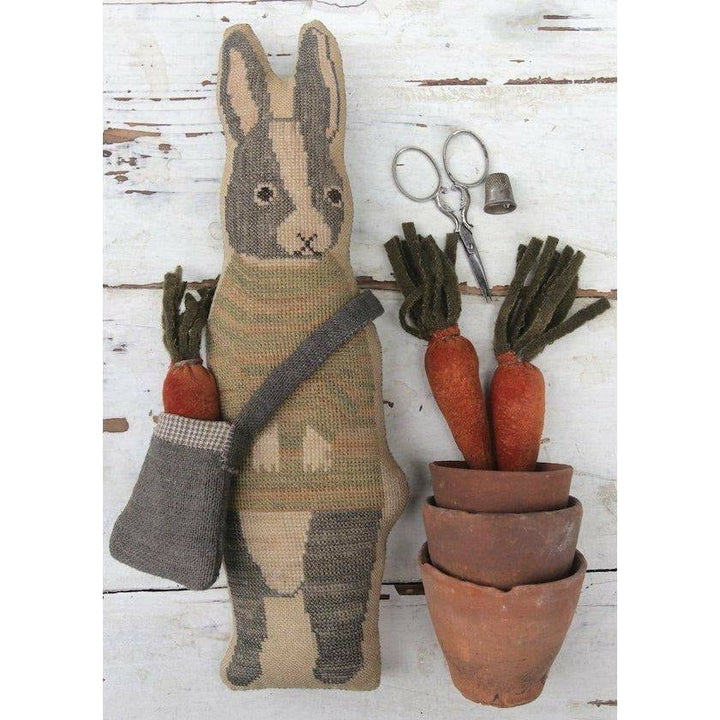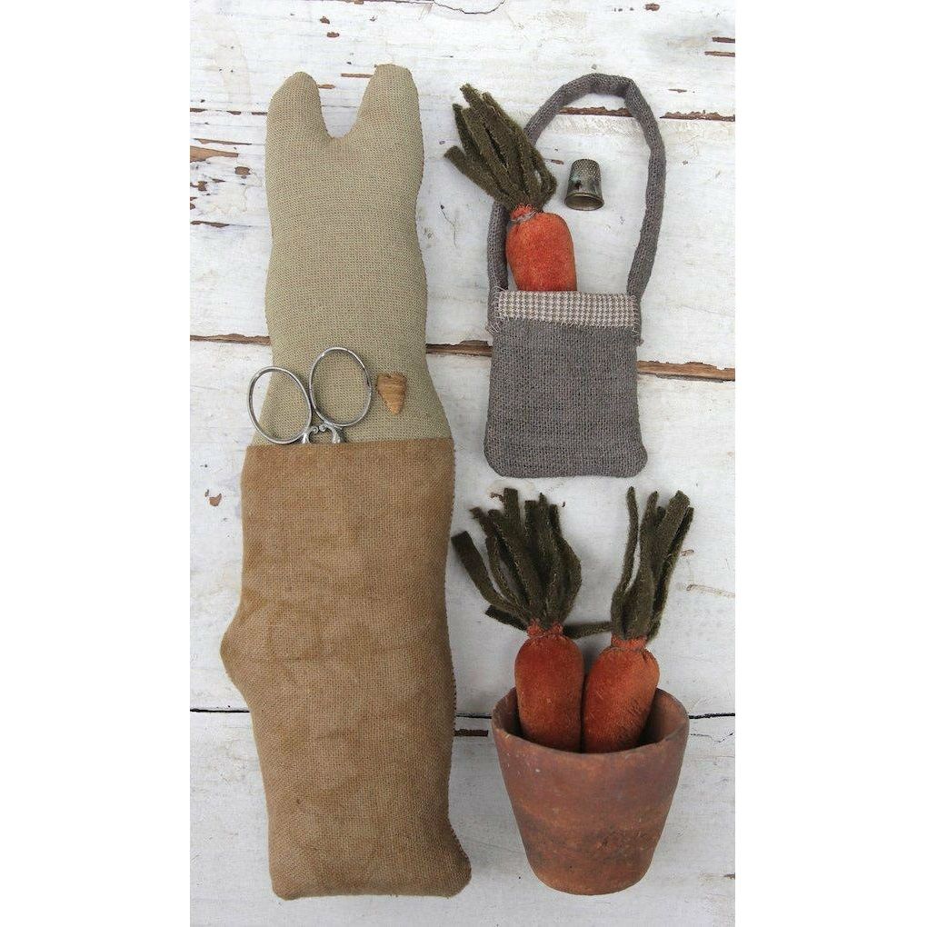 This sweet bunny is holding a satchel full of carrots! Finished into a pillow with a pocket on the back, perfect for stashing scissors (or more carrots)
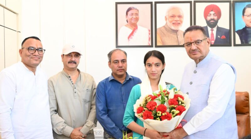 हाईस्कूल परीक्षा में प्रदेश में 15वीं रैंक लाने वाली साक्षी को कैबिनेट मंत्री गणेश जोशी ने किया सम्मानित
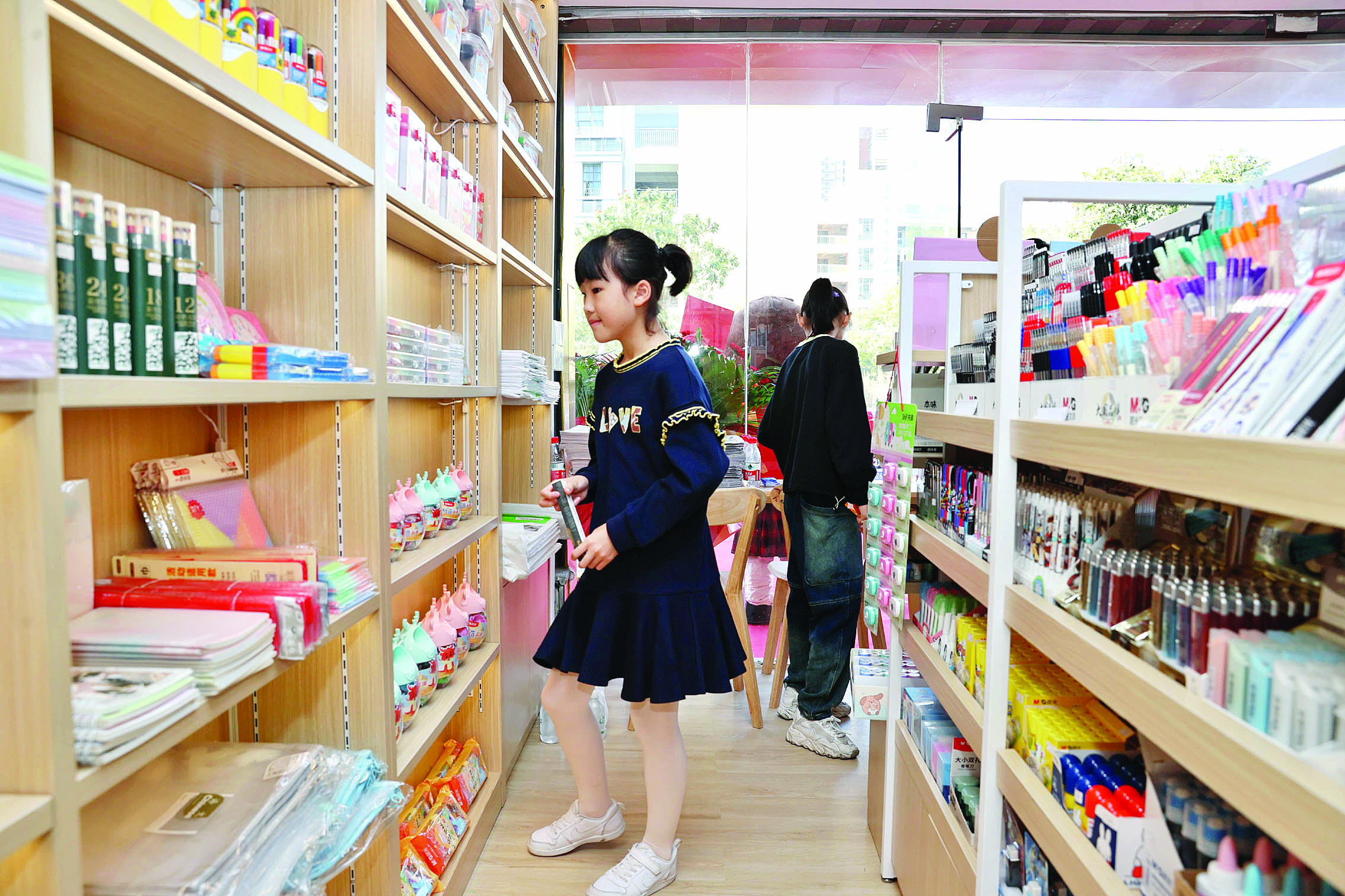 小朋友在小惠同學(xué)驛站選購(gòu)學(xué)習(xí)用品。惠州日?qǐng)?bào)記者楊建業(yè) 攝

____

-- Work item --
Reprint the whole listing verbatim except for the pictures.

-- Solved exercise --
 This sweet bunny is holding a satchel full of carrots! Finished into a pillow with a pocket on the back, perfect for stashing scissors (or more carrots)
 हाईस्कूल परीक्षा में प्रदेश में 15वीं रैंक लाने वाली साक्षी को कैबिनेट मंत्री गणेश जोशी ने किया सम्मानित
 小朋友在小惠同學(xué)驛站選購(gòu)學(xué)習(xí)用品。惠州日?qǐng)?bào)記者楊建業(yè) 攝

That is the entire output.